FPOP溶液中に存在する異なる成分(例えば、リガンド、賦形剤、緩衝剤)は、過酸化水素3のレーザー光分解に際して発生するヒドロキシルラジカルに対して異なる清掃活性を有する。同様に、過酸化物濃度、レーザーフルエンス、および緩衝剤組成のわずかな変化は、効果的なラジカル用量を変更し、サンプル間および異なる実験室間でFPOPデータの再生を困難にする可能性があります。したがって、利用可能なヒドロキシルラジカル線量,を、12、13、14、15、16,13の利用可能なヒドロキシルラジカル線量の1つを用いて、各サンプル中のタンパク質と反応させることができるヒドロキシルラジカル用量15を16比較できることが重要である。,14ヒドロキシルラジカル線量計は、ヒドロキシルラジカルのプールのための(そして溶液中のすべてのスカベンジャーと)アナライトと競合することによって作用します。ヒドロキシルラジカルの有効用量は、線量計の酸化量を測定することによって測定される。なお、「有効ヒドロキシルラジカル用量」は、発生したヒドロキシルラジカルの初期濃度とラジカルの半減期の両方の機能である。これら2つのパラメータは、部分的に相互に依存しており、理論運動モデリングはやや複雑になる(図2)。2つのサンプルは、形成されたヒドロキシルラジカルの初期濃度を変更することによって同じ効果的なラジカル用量を維持しながら、最初のラジカル半減期を大きく異なることができる。彼らはまだ同じフットプリント17を生成します。アデニン13およびTris12は、酸化のレベルをリアルタイムでUV分光法で測定できるため、効果的なヒドロキシルラジカル用量に問題がある場合に研究者が迅速に特定し、その問題をトラブルシューティングすることができるため、便利なヒドロキシルラジカル線量計です。この問題を解決するためには、リアルタイムでアデニン吸光度変化からの信号を監視できる照射部位の直後にフローシステムに位置するインライン線量計が重要である。これは、ヒドロキシルラジカル清掃能力17の広く異なるレベルを有するバッファーまたは他の賦形剤でFPOP実験を行うのに役立つ。このラジカル投与量補償はリアルタイムで行うことができるが、有効ラジカル用量を調節することによって同じコンフォーマーに対して統計的に区別できない結果をもたらす。

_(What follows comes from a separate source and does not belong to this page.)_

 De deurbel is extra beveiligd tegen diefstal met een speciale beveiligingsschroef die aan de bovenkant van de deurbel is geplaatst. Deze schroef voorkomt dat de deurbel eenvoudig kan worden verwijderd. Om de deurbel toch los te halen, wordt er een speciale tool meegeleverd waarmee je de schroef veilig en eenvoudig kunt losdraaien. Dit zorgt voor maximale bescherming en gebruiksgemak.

本プロトコルでは、内部光学ラジカルドシメータとしてアデニンを用いたラジカル投与量補償を用いた典型的なFPOP実験を行うための詳細な手順を有する。この方法により、調査員はリアルタイムで補正を実行することにより、異なる清掃能力を有するFPOP条件全体のフットプリントを比較することができます。

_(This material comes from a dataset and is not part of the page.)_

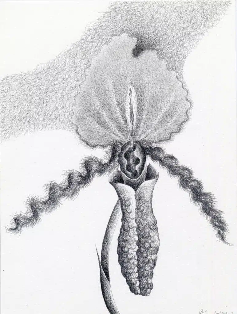 Orchidées de 2003, Papillons de 2004 à partir de chenilles, Luminescences en 2009-2010 à partir de coquillages et de méduses, ou de formes hybrides animales et florales, puis à partir de 2013 bijoux et tresses sur des formats de plus en plus grands… Les séries de dessins s’enchainent selon un mode opératoire chaque fois identique : à partir d’une forme observée ou mémorisée, elle déplie un univers de possibles variations organiques, le plus souvent érotiques et toujours d’un très grand raffinement formel. Le trait de Catherine Boyer emprunte la précision et la rigueur du dessin naturaliste. Très impressionnée par la symétrie, les débordements et la puissance créatrice présentes dans la nature, elle y voit ce qu’elle appelle « une géométrie sacrée » originelle, qui structure le vivant de l’infiniment petit à l’infiniment grand. Et c’est ainsi qu’elle conçoit ses compositions : une structure de base, où son dessin reproduit les formes qu’elle perçoit, puis le stylo ou le crayon l’emportent dans un imaginaire nourri de sensations tactiles très riches et très diverses. Ses Orchidées sont hypersexualisées. La ligne devient surface texturée, muqueuses, viscosités, poils, peaux, lèvres, bourgeons et organes turgescents. « L’orchidée est hermaphrodite, mâle et femelle, elle se féconde elle-même. Je mets en valeur cette fusion entre le masculin et le féminin, je la sublime »[8] . Avec Les Papillons, elle laisse de côté pour un temps l’érotisation de ses motifs —« Je travaille à fond, puis ça s’arrête. Le flux se tarit et je passe à autre chose ». Les compositions très dynamiques, travaillées à l’encre de chine, offrent des noirs profonds, rythmés par des répétitions, consonances de points et de taches, enchevêtrement de lignes et de mouvements.

図2:ドシメトリー報酬の運動シミュレーション1 mM アデニン線量計応答は、5 μM リソザイム分析物で 1 mM 初期ヒドロキシルラジカル濃度 (▪OH t1/2=53 ns)で測定し、対象線量計応答(黒)として設定した。スカベンジャー賦形ヒスチジンの1mMを添加すると、量濃度応答(青色)は比例的にタンパク質酸化量(シアン)と共に減少する。ヒドロキシルラジカルの半減期も減少する(▪OH t1/2=39ns)。生成されたヒドロキシルラジカルの量が増加すると、スカベンジャー(赤色)の不在時に1mMヒスチルラジカル(赤)で達成した1mMヒスチジンスカベンジャーを用いてサンプル中の酸化された線量計の同等の収量を得るために(▪tOH/29=29)、同様に起こるタンパク質酸化量(マゼンタ)が減少する一方で(tOH19/ns=29)。=シャープJ.S.、アムファーマセウトRev 22、50-55、2019の許可を得て適応。 22,この図の大きなバージョンを表示するには、ここをクリックしてください。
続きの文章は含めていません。